I hope Mazz is okay. I am sorry if I upset him. I feel badly for not believing that he had an appointment next Friday…he had recently kind of lied about not being able to make a meeting because of a meeting with you last Monday. I hope all is okay.

My response was vague and pretty lame. To be fair, I believed what I wrote because it was what Mazz had been telling me for all the years I had known him. He always kind of fell apart in June, so I thought it was “normal.”

DDV: I think he’s ok. He always gets a little weird in June because it’s the anniversary of when his dad died.

November 2012:

Hey…what’s going on in your house? Mazz is sick again? Sheesk. I hope you guys are okay. Students keep looking for him.

Avoid, avoid, AVOID.

DDV: Not sure. Haven’t been home all day. He didn’t feel great yesterday.

December 2012:

If you want to do coffee sometime next week, let me know when is good for you…Speaking of administrators, there are complaints put in by students and other faculty in regards to not being able to find certain professors because they are never around. I have been asked to document missed meetings etc….along with others. I have also been told I need to document anytime a colleague of mine comes in smelling of alcohol, because of complaints put in by students. It is getting a little ruthless and I don’t like it. However, I have also noticed that a special colleague/friend of mine has missed several meetings and not just with me. When I ask this friend of mine why he misses meetings, his wife and child is usually the excuse he gives….needing to run errands for them. I have reported nothing, but it is becoming a bigger issue – not just with our department, but it has red flags up with administrators. I have also noticed that sometimes this friend of mine does smell like alcohol. I have confronted this person with it (and not taken it further) and excuses are plenty. Take care….I have lots that I would like to talk to you about.

Finally, after this note, I confronted Mazz. I told him I had gotten a number of messages from this person and that she was concerned. He flatly refused any part of the note.
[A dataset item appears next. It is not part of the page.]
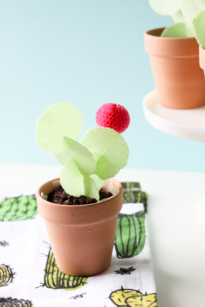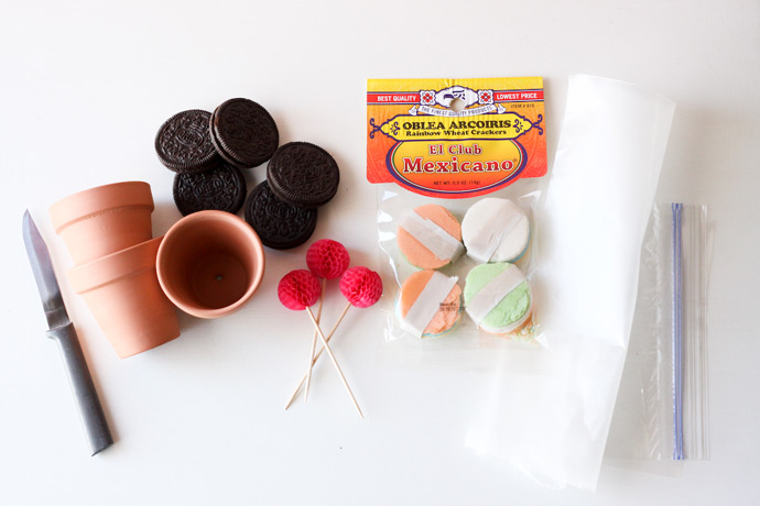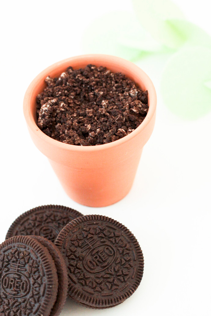 Place 3-4 Oreo cookies in a food chopper or plastic bag, and smash them until they are completely crumbled. Pour them into your mini clay pot. The white frosting ends up looking like fertilizer.

He had answers for all of it: he was fed up; she was crazy; people were out to get him because they were jealous, he had been double booked for meetings and had to pick one, etc.

I responded in the best way I knew how with the extremely limited understanding I had:

This is not a conversation I would ever have without Mazz being present, so I am going to pass on coffee.

I remember feeling grown up and proud of myself for unequivocally standing by my spouse. Wasn’t that what adults were supposed to do? Rather than side with someone who I liked but was growing distrustful of, I chose my partner. I had a kind of satisfaction in knowing that even though things were already pretty garbage at home, I was honoring my marriage by “believing” and publicly defending my husband.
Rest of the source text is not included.